I think what we better do is recognize private property for what it is. We need to teach people the
Magna Carte. We are getting away from what is private property. Name one thing you can do on
your private property that doesn’t have a government influence.
Some of the red areas are being set aside; many of those apply to help improve the lifestyles of
people who live there.
There are a lot of different ways to define sustainability.
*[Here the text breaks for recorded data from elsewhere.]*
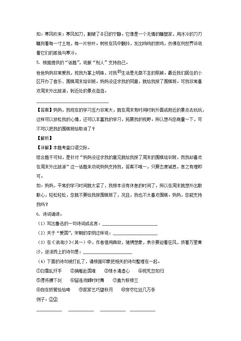 - 2022-2023年山东省潍坊市高新区六年级上册期末语文试卷及答案(部编版)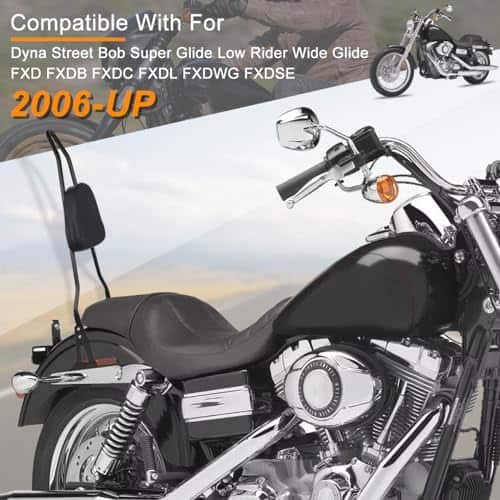 Perfecta decoración para tu motocicleta. Fácil de instalar, en buen estado de funcionamiento. Respaldo/sissy bar de alta calidad cromado con almohadilla. Kit de almohadilla de respaldo desmontable de pasajero trasero de mercado de accesorios. Barra delgada, ángulo de patada superior estilizado para un look clásico de bobber. Relleno de esponja en el cojín, lo suficientemente suave como para proporcionar apoyo completo en la espalda baja. Mejora la comodidad del pasajero trasero en viajes largos. Las placas laterales estándar fijan el sissy bar en los agujeros de montaje originales, desmontable. Compatibilidad: Se ajusta a Harley Dyna (2006-2016) (EXCEPTO FXDF FAT BOB, FXDFSE/2 CVO FAT BOB y FXDWG DYNA WIDE GLIDE 2010-2014). Por favor, verifique tres aspectos de la información al comprar: número de piezas del vehículo, apariencia, forma, tamaño, tabla de compatibilidad del año del modelo.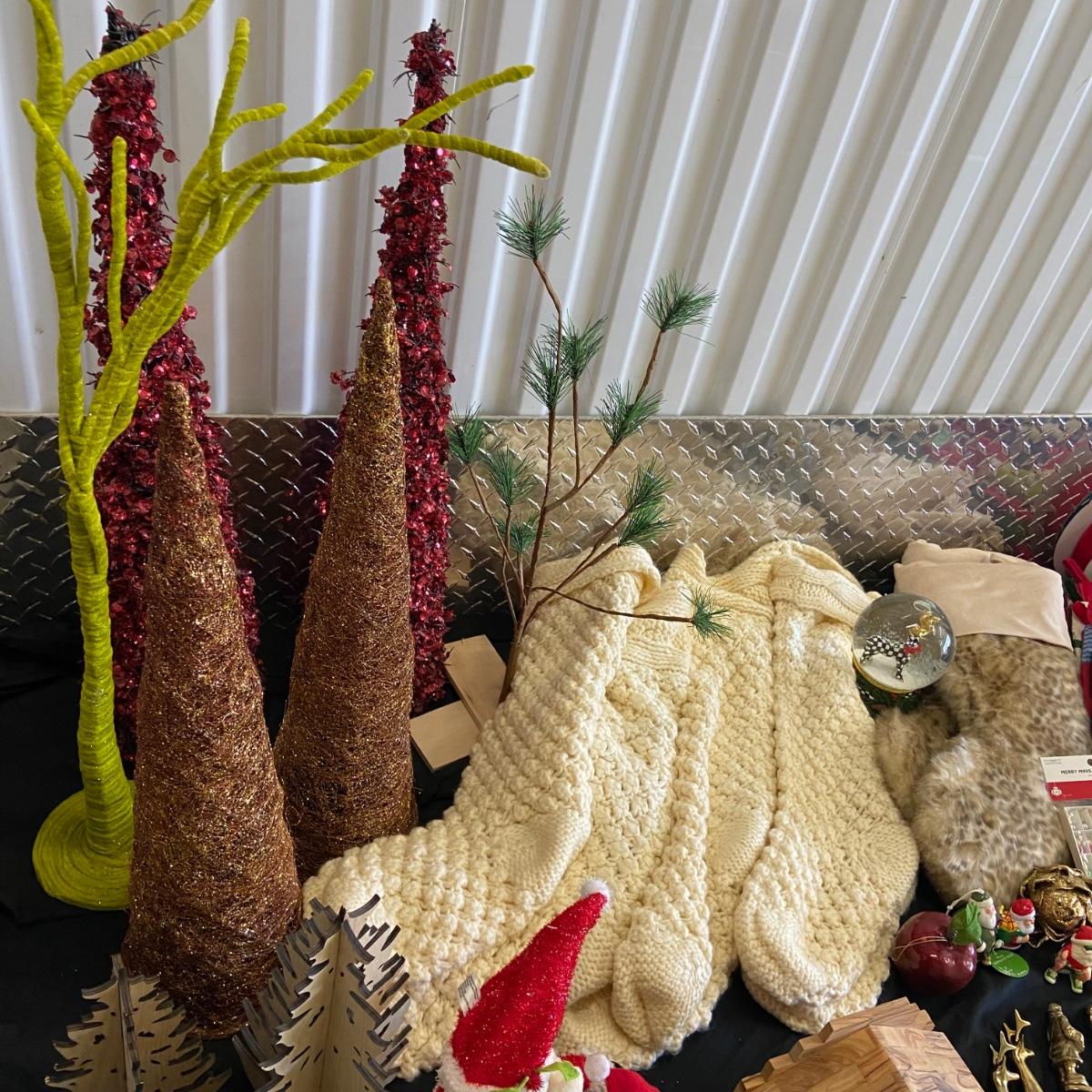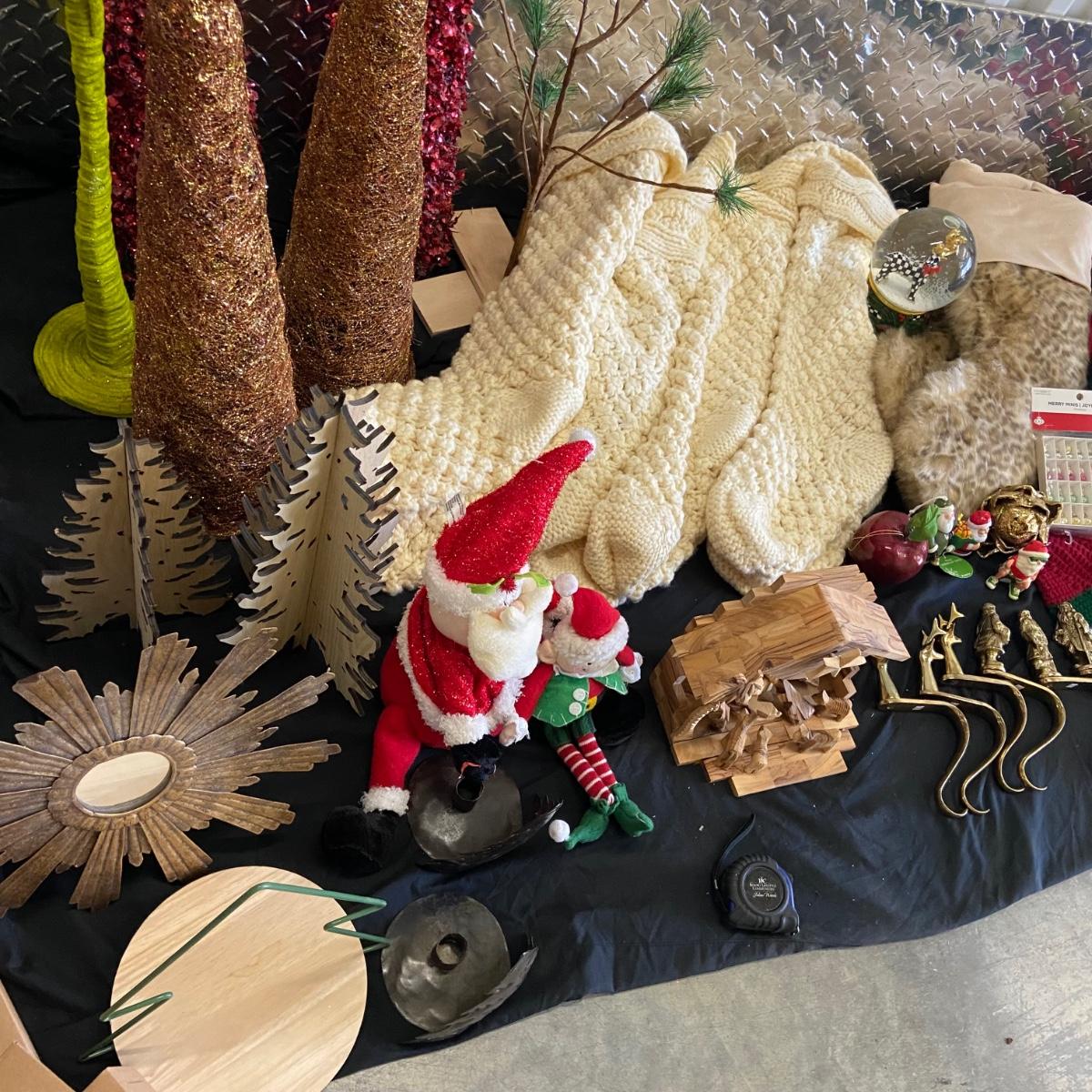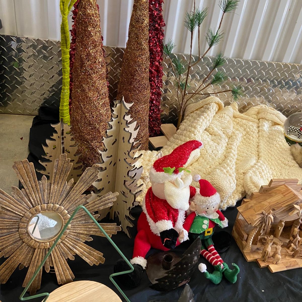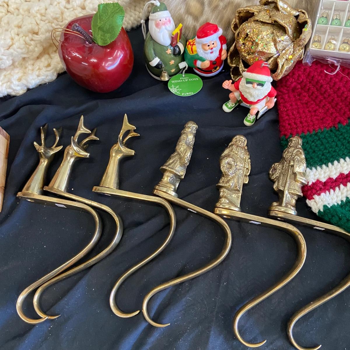 This is a massive Christmas lot!! Some of the highlights of this haul are two massive and stunning “Mackenzie Childs” wooden nut crackers both of which are 36” tall and are heavy! Another highlight is a wooden hand-carved nativity scene and this measure 8” x 5.5” x 7”H. The "floor" of the set has come unglued, see pictures. This lot also has six brass stocking holders made by Jefferson in India, three with Santa and three with reindeers on them. Some other items in this lot are a variety of stockings that total 17 (see pictures for styles), a variety of decorative trees, a variety of different stuffed Santa’s, elves and friends; a snow-globe, a metal star tree topper, tree base, LED lights, ornaments and more. See pictures for details. Local pick up only.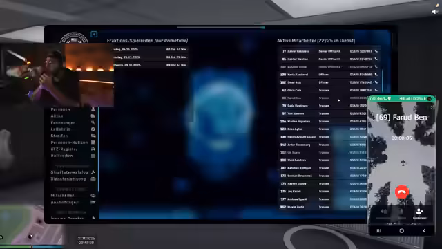 02:46:56Es kommt zu einer weiteren Verfolgungsjagd, bei der ein weißes Fahrzeug gesucht wird. Die Kommunikation im Funk ist unklar, und es wird über die Notwendigkeit von Training gesprochen, was jedoch abgelehnt wird. Es wird über die Möglichkeit gesprochen, einen Heli zu bekommen, wenn man sechs weitere Kills hat. Die Idee eines Orbital-Strikes auf das PD oder MD wird humorvoll diskutiert, insbesondere auf den 'Slip Club' und seinen Besitzer Helmut. Eine erneute Verfolgungsjagd beginnt, und es wird versucht, den Verdächtigen anzuhalten. Die Situation eskaliert erneut, und es kommt zu einem Zusammenstoß, bei dem das Fahrzeug beschädigt wird. Die Verfolgung führt zu einer Konfrontation im 'O-Block', wo eine Gruppe von Personen die Cops kritisiert, die durch ihre Straße fahren. Die Situation wird als gefährlich eingestuft, und es wird über die Möglichkeit einer Razzia nachgedacht.
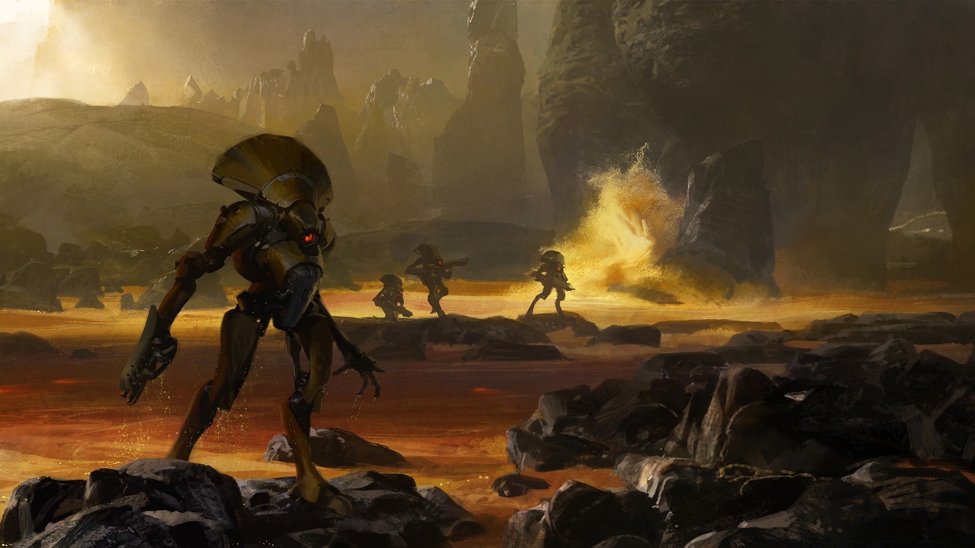 Ilustração de um personagem com uma arma e um plano de fundo desenhado

- “What are we going to leave for the future versus what are we going to get for
ourselves”
- One of the keys in how we bring this out is how we build relationships with people.
- Also, humility – we don’t have the answers right now, but we need to talk to each
other, community.
I don’t think Agenda 21 is trying to give more rights to animals. We are animals.
- The agenda is about who is going to speak for them.
- That’s our responsibility, to think about more than just ourselves.
- Think about how we interact with our planet.
- I respect that you have a difference of opinion.
- I don’t care about property rights when they impact things. You need to understand
your role.
That’s what this forum is about – networking, learning from each other.